DATA FOR THE TASK:
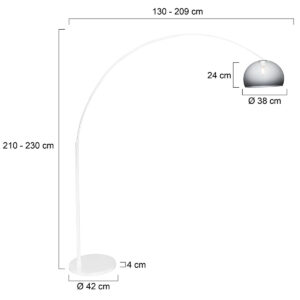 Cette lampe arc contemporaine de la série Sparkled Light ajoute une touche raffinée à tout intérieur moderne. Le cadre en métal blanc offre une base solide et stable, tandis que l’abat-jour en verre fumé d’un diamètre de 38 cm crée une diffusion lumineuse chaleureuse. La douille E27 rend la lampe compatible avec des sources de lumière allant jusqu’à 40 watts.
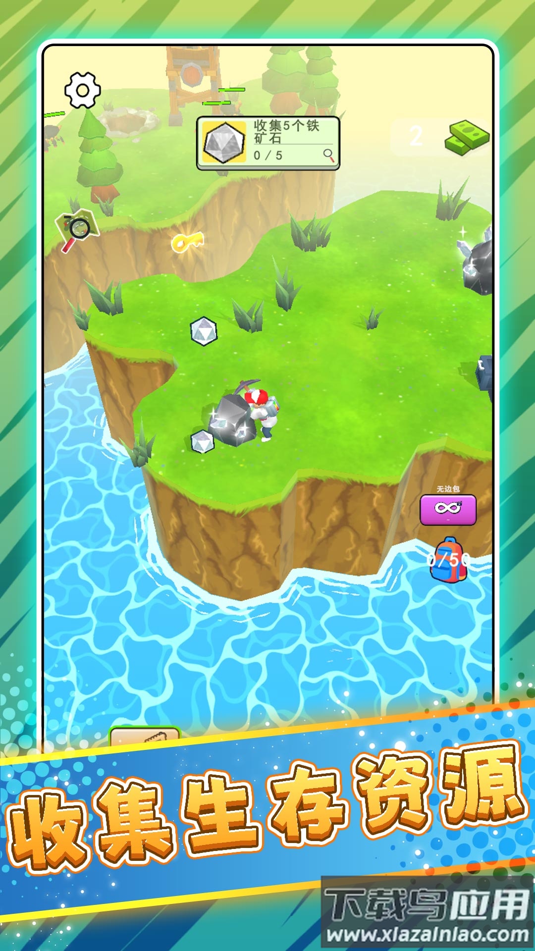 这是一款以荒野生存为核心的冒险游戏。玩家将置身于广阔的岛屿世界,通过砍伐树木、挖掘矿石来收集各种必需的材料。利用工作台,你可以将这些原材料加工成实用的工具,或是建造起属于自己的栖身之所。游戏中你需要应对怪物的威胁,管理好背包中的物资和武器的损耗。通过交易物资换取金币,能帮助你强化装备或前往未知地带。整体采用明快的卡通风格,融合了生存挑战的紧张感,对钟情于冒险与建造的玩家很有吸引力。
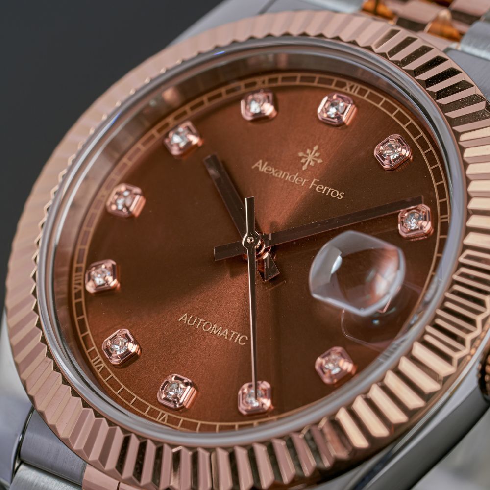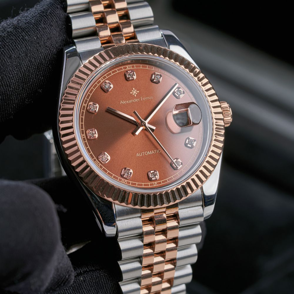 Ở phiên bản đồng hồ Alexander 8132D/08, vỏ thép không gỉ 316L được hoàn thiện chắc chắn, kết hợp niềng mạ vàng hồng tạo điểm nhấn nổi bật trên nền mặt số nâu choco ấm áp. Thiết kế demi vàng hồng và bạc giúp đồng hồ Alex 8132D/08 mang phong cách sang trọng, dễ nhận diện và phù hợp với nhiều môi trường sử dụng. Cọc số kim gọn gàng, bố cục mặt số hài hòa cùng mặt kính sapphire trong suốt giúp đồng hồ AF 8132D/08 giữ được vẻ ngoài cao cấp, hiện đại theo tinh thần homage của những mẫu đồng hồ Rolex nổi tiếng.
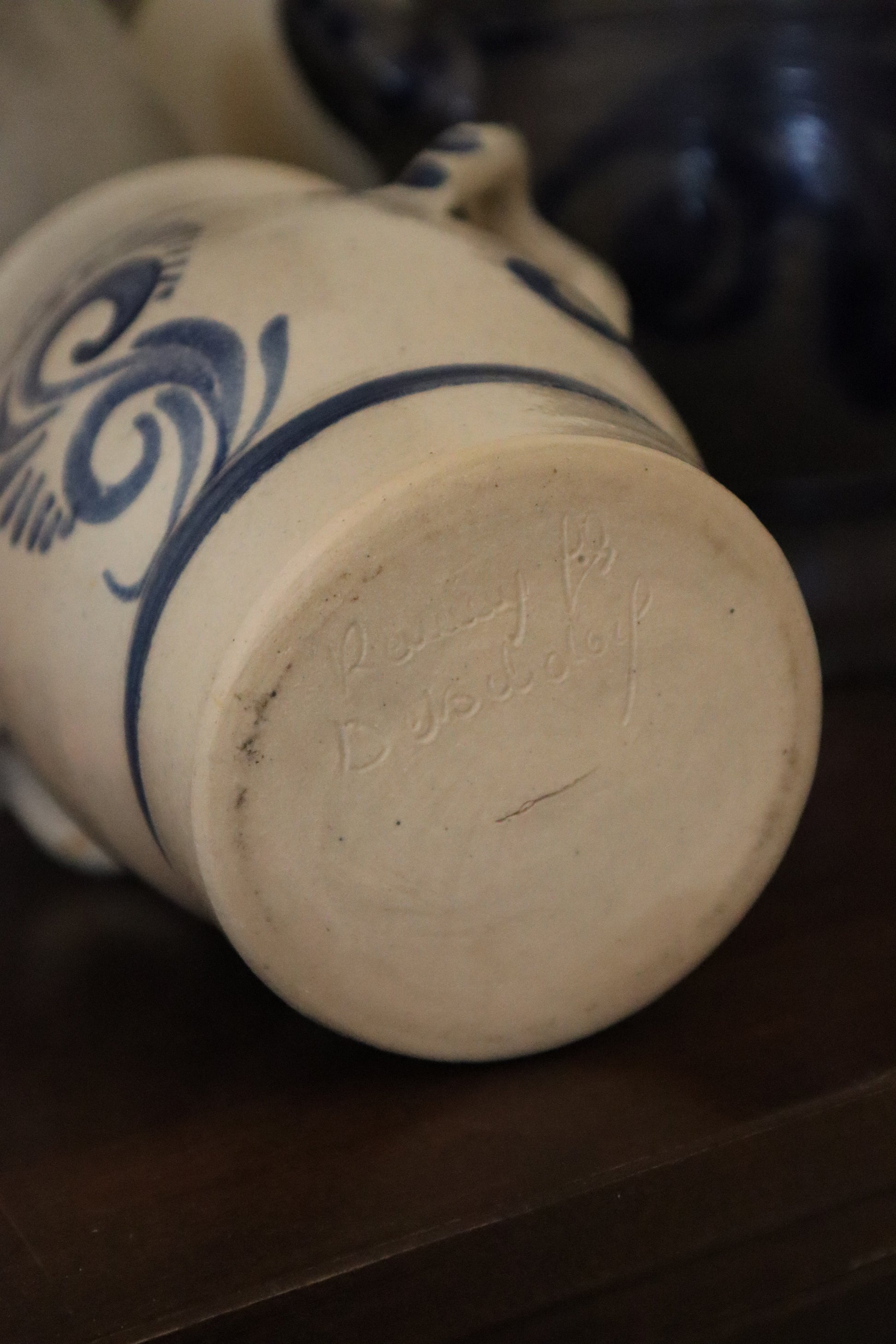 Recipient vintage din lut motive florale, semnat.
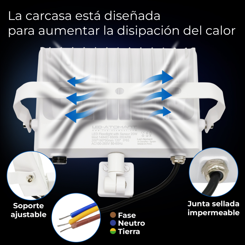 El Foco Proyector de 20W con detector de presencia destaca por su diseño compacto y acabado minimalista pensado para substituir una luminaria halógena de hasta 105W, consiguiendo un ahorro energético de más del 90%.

...

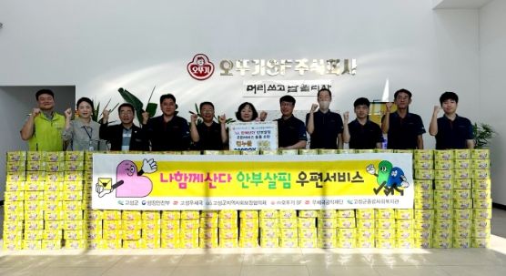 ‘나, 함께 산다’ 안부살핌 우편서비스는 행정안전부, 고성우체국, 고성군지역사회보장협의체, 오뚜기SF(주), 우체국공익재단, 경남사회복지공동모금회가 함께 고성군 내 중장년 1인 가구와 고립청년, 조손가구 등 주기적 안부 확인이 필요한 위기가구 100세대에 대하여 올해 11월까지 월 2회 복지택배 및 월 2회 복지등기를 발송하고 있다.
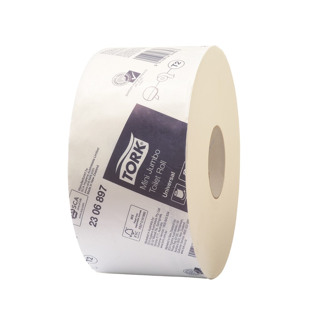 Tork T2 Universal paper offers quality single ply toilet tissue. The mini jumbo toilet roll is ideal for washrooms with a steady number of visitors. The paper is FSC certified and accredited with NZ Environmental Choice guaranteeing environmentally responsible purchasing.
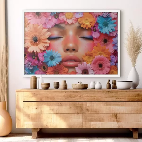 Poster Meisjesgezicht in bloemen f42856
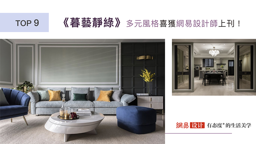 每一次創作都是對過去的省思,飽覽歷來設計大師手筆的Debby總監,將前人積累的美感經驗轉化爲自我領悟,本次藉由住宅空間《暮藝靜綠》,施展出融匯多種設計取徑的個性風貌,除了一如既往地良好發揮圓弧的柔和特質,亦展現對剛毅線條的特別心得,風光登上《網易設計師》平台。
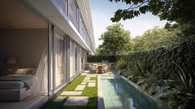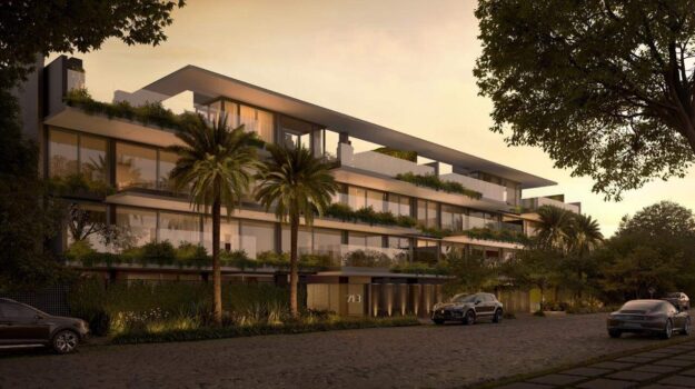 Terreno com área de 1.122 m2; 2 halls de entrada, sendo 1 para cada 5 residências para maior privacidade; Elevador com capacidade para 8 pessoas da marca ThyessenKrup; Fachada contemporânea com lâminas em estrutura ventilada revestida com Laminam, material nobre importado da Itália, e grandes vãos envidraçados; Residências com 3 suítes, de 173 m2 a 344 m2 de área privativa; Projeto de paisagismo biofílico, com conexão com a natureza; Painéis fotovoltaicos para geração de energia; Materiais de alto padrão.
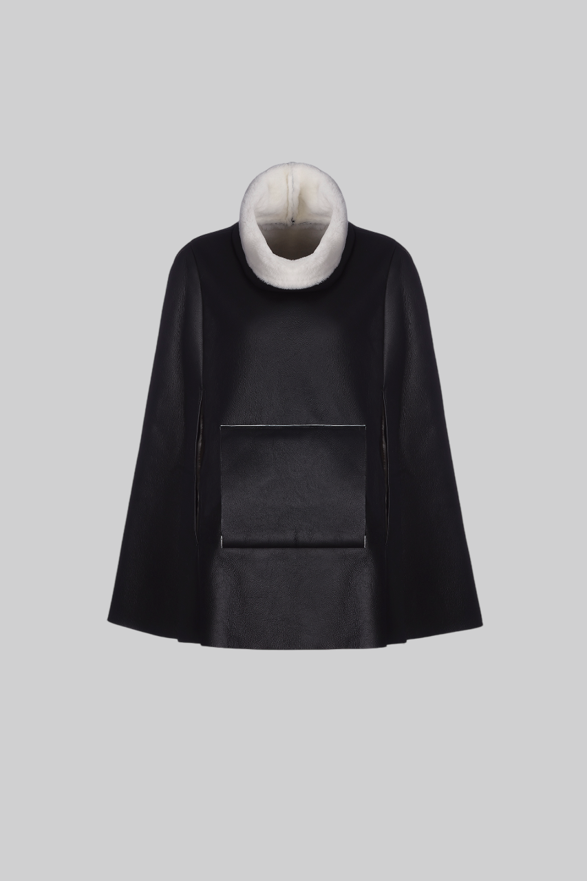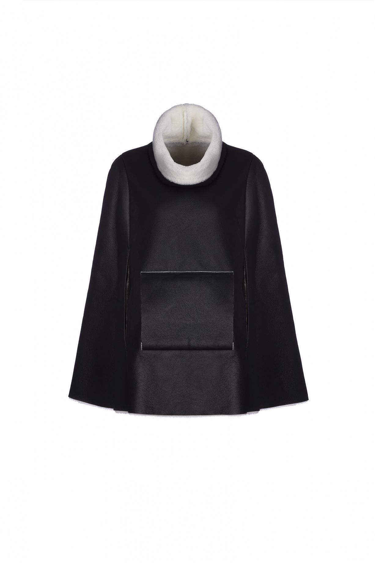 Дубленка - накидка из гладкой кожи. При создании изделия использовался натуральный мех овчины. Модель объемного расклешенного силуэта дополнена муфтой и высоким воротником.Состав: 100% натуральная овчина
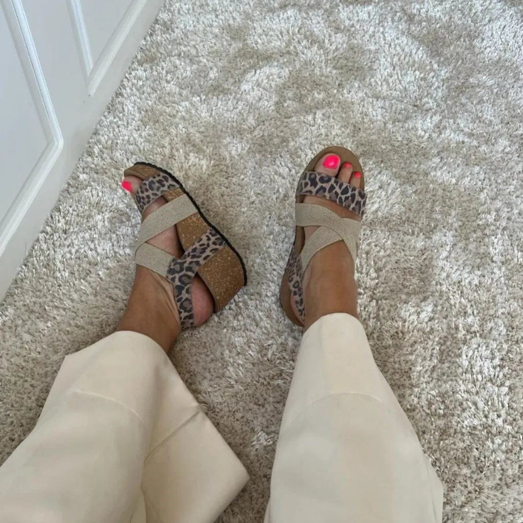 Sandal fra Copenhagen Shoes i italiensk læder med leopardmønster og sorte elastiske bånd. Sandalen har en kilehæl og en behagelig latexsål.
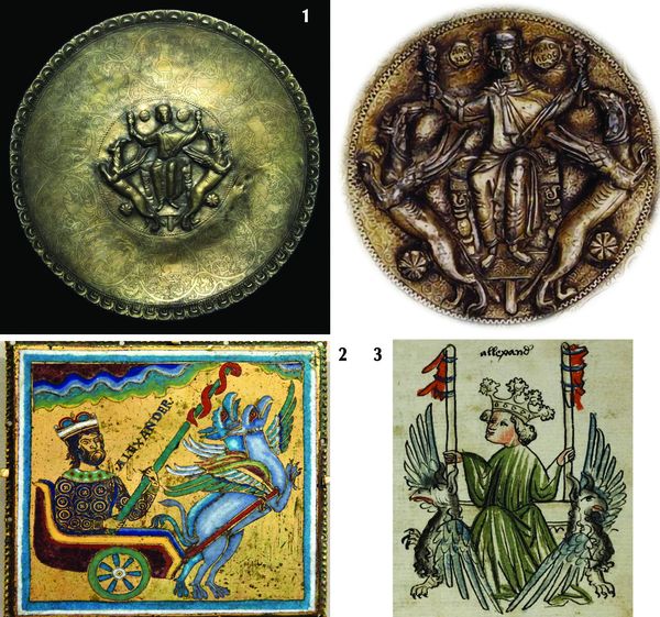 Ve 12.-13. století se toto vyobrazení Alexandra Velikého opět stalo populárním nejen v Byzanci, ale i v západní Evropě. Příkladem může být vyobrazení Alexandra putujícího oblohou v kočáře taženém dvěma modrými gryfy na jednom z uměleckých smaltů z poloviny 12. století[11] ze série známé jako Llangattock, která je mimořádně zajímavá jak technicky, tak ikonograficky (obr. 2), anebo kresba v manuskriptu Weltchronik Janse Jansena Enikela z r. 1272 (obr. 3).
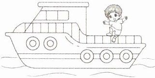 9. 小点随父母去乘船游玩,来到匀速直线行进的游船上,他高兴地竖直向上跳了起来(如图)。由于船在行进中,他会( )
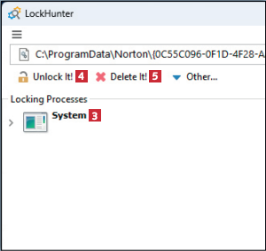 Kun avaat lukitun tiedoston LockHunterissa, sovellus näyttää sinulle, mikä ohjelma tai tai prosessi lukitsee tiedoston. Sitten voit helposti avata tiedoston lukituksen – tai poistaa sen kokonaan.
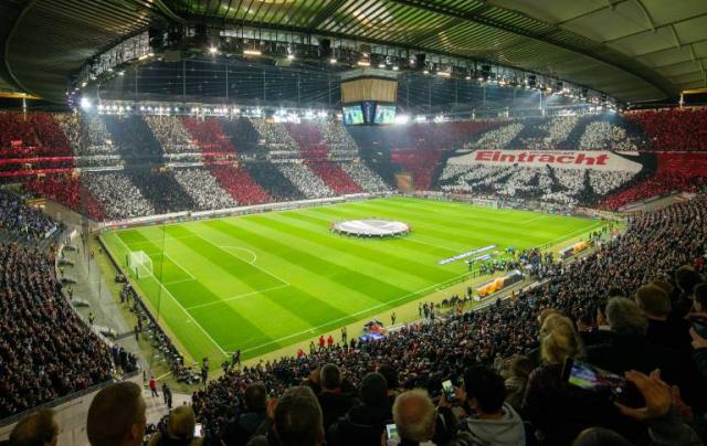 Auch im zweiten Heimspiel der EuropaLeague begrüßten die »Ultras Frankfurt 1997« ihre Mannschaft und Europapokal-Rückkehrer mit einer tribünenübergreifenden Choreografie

WORK ITEM:
Beginning at the line above that contains "Ở phiên bản", repeat each line exactly through the one that contains "Recipient vintage din", and leave out the pictures.

OUTPUT FOR THIS TASK:
 Ở phiên bản đồng hồ Alexander 8132D/08, vỏ thép không gỉ 316L được hoàn thiện chắc chắn, kết hợp niềng mạ vàng hồng tạo điểm nhấn nổi bật trên nền mặt số nâu choco ấm áp. Thiết kế demi vàng hồng và bạc giúp đồng hồ Alex 8132D/08 mang phong cách sang trọng, dễ nhận diện và phù hợp với nhiều môi trường sử dụng. Cọc số kim gọn gàng, bố cục mặt số hài hòa cùng mặt kính sapphire trong suốt giúp đồng hồ AF 8132D/08 giữ được vẻ ngoài cao cấp, hiện đại theo tinh thần homage của những mẫu đồng hồ Rolex nổi tiếng.
 Recipient vintage din lut motive florale, semnat.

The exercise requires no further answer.